8 de Julho, 2006 Carlos Esperança

B16 visita Espanha

Depois do bombardeamento e massacre de Guernica a visita de B16 é a primeira em que um alemão sobrevoa solo espanhol com ódio comprovado ao Governo legal. Tal como na guerra civil, é um Governo democrático que sofre a ira e os ataques de um teutão.

Quando hoje desembarcar em solo espanhol, com sapatinhos vermelhos, vestes talares e honras de chefe de Estado, B16 é o chefe dos católicos e o adversário provado de Zapatero.

Não repetirá a deselegância com que recebeu o embaixador espanhol e não vai faltar ao respeito devido a quem exerce o poder por mandato popular, mas vai apoiar os bispos em clara ingerência nos assuntos internos de um país livre.

O pastor alemão deve a categoria de chefe de Estado do Vaticano aos acordos de Latrão e a Benito Moussolini, que, então, o seu antecessor considerava enviado da Providência, mas finge que foi Deus quem o investiu no cargo.

A legalização do casamento e direito de adopção por homossexuais, a simplificação do divórcio, o fim das notas escolares para a aula de religião católica e a perda de algumas regalias pecuniárias do episcopado, enraiveceram o teocrata. Parece um mullah com brotoeja à vista do toucinho.

A Espanha que B16 visita já não é o país da pena de morte por garrote, a ditadura que tinha o apoio da Santa Sé, do episcopado e do Opus Dei, é um país plural e democrático onde a maior parte da população se libertou do terror do Inferno e da violência de Deus.

O Papa, que há anos seria recebido em triunfo, é hoje um catalisador de ódios e um perturbador da democracia.

7 de Julho, 2006 Palmira Silva

Outra lenda urbana desmistificada

Ratzinger expressou repetidamente as suas preocupações sobre o futuro da Europa, que considera sob a ameaça da laicidade e do Islão e em que a primeira, ou seja, a exclusão de Deus da vida pública, impede para Ratzinger a única resposta que dará conta da ameaça islâmica, a assunção inequívoca e firme da superioridade do cristianismo.

Por outro lado, são recorrentes as afirmações que depositam na laicidade, na «falta de fé» e consequente – para os cristãos que o sustentem – «imoralidade ocidental», o ónus da «guerra de civilizações» que se vive. Isto é, são muitos os crentes que pretendem que o suposto desprezo dos muçulmanos em relação ao estilo de vida ocidental, suposto desprezo que se traduz no apoio ao fundamentalismo islâmico mesmo pelos devotos do Corão mais moderados, é a causa última do terrorismo islâmico. Isto é, os fundamentalistas cristãos advogam que os muçulmanos teriam «mais respeito» pelos ocidentais se estes últimos deixassem a «fé» permear todos os aspectos da respectiva vida pública, nomeadamente do Direito, ou seja, se o Ocidente emulasse, noutro sistema operativo, o cristianismo, a promiscuidade religião-Estado dos países islâmicos.

Estas afirmações, não mais que lendas urbanas disseminadas e acarinhadas pelos fundamentalistas cristãos, tornam difícil ao cidadão comum perceber que existe o Islão das pessoas normais, a esmagadora maioria, e um Islão fundamentalista, esse sim pasto fértil para o terrorismo. Ou seja, estas alegações passam a imagem que todos os muçulmanos são rábidos terroristas em potência e, consequentemente, alimentaram a islamofobia e a xenofobia, crescentes no Ocidente nos últimos anos. De facto, esta é a resposta expectável ao suposto ódio visceral pelo «decadente» Ocidente que os spin doctors cristãos afirmam ser prevalecente em todo o Islão.

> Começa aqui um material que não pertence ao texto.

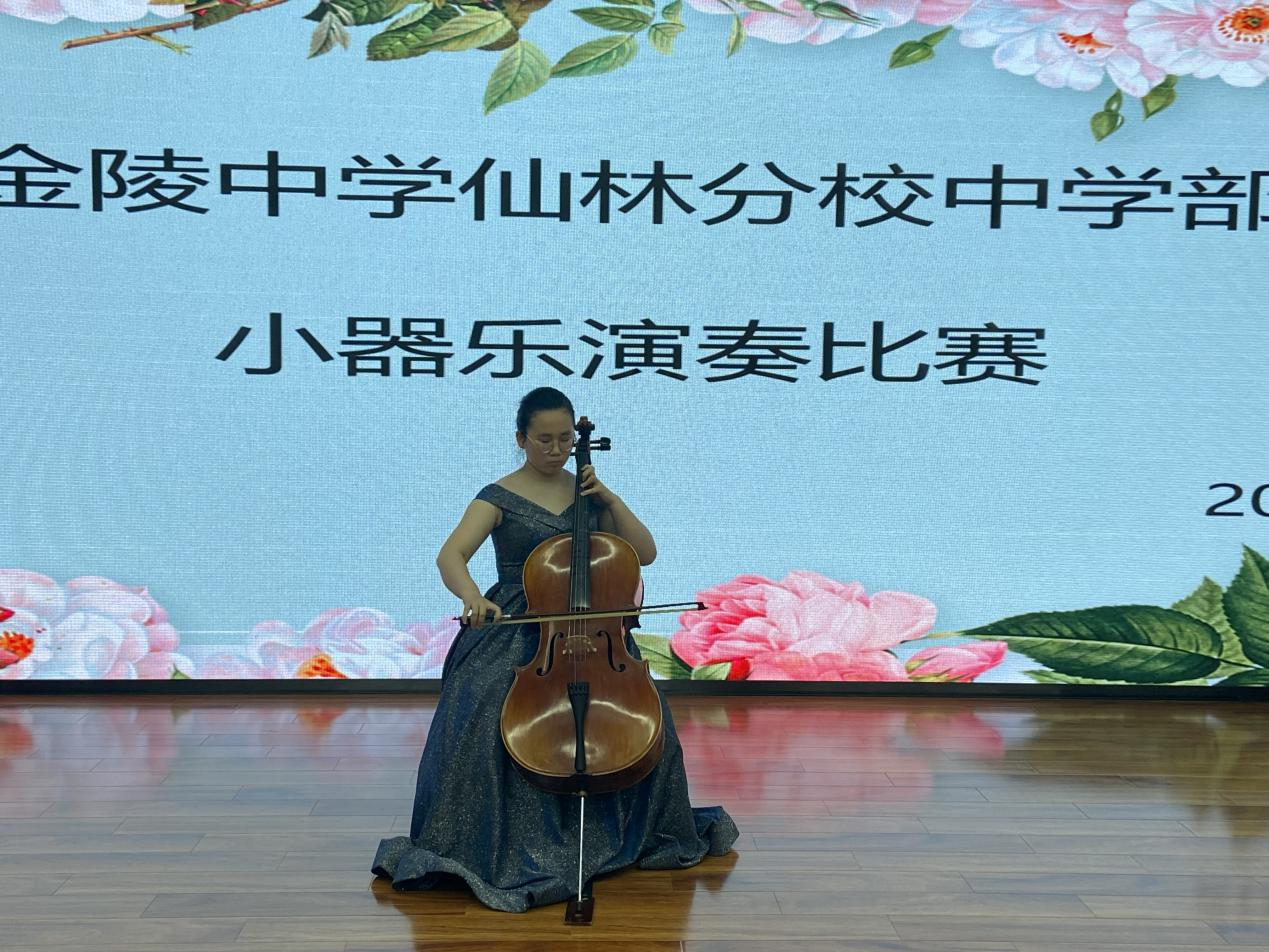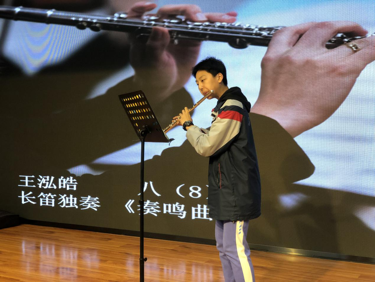 本届比赛由学校教学处和音乐组共同组织,学生先自主报名,再进行现场比赛。比赛中涉及的乐器种类丰富,包括二胡、古筝、竹笛、中阮、吉他、大提琴、小提琴、长笛等。你看!选手们个个妆容精致、淡定自如,如同音乐的精灵,为大家带来了视觉与听觉的盛宴。你听!张子晋、李正羿、杨思瀚等同学的竹笛声清脆明亮、热烈欢快,七年级的小观众们沉浸其中,感受着音乐带来的喜悦;刘星辰等同学演奏的古筝曲时而舒缓、时而急促,表演自如、技巧娴熟……一曲曲悠扬动听的旋律似溪水流淌,似微风轻拂,陶醉了在场的每一位听众。
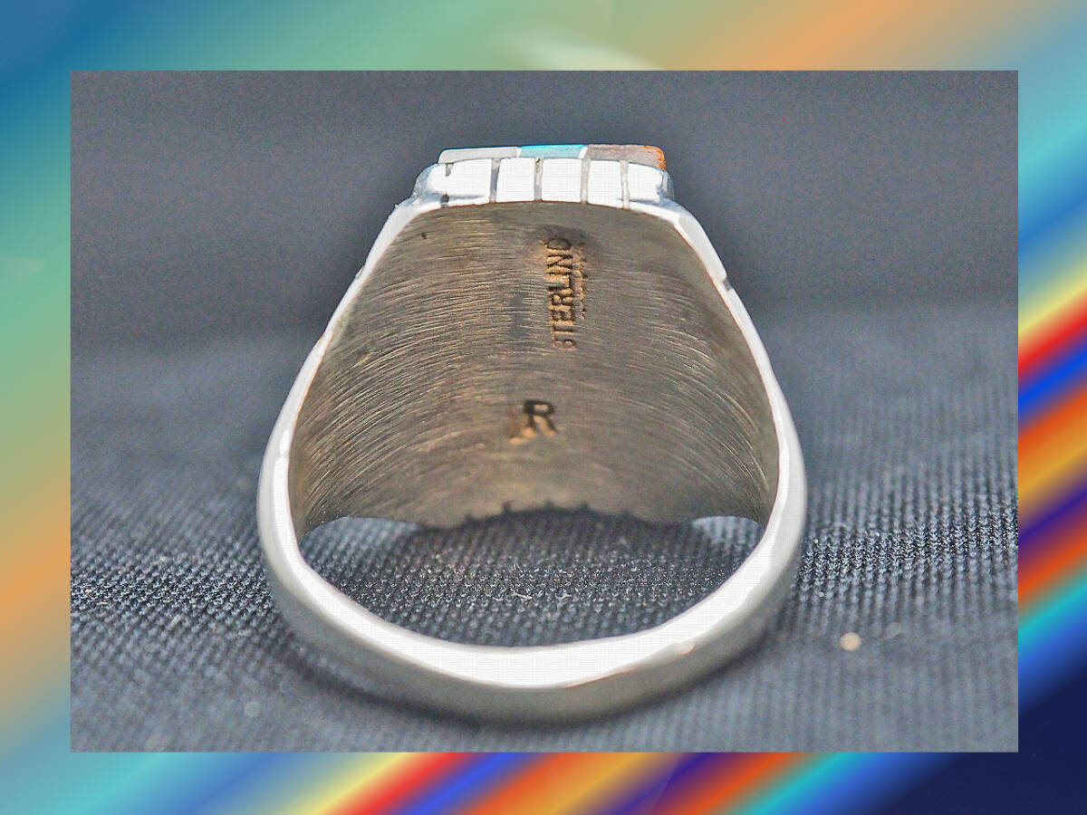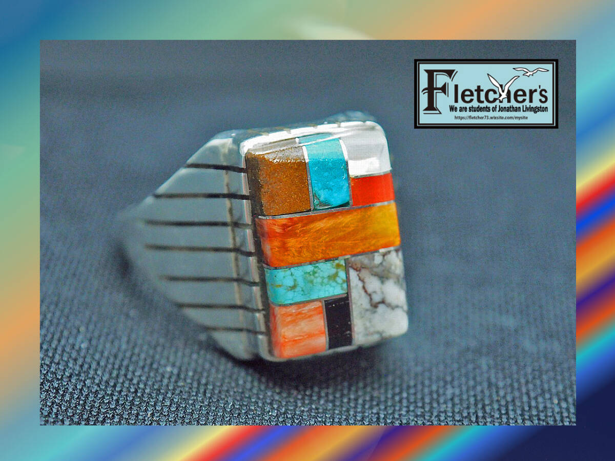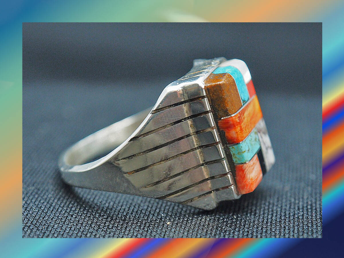 質感のあるシルバーの地金に、細密にカットしたターコイズ、ワイルドホース、スパイニーオイスター、ジェット、マザーオブパール、コーラル、アゲートをモザイク状に組み上げた物を埋め込んだ大変凝ったリングです。

Uma sondagem da Gallup, publicada recentemente, desmistifica esta lenda urbana tão acarinhada pelos fundamentalistas cristãos. De facto, esta sondagem, realizada em 10 países muçulmanos – Marrocos, Egipto, Líbano, Jordânia, Turquia, Arábia Saudita, Irão, Paquistão, Bangladesh e Indonesia – indica exactamente o contrário.

A sondagem, que pretende ser alargada até ao final do ano a mais 30 países muçulmanos e abranger mais de mil milhões de inquiridos, indica que de facto não só não há um «ódio cego» ao Ocidente como aquilo que os muçulmanos mais admiram no Ocidente, para além da tecnologia, é exactamente aquilo que os fundamentalistas cristãos pretendem ser a «raíz de todos os males», a liberdade de expressão, de opinião e de religião.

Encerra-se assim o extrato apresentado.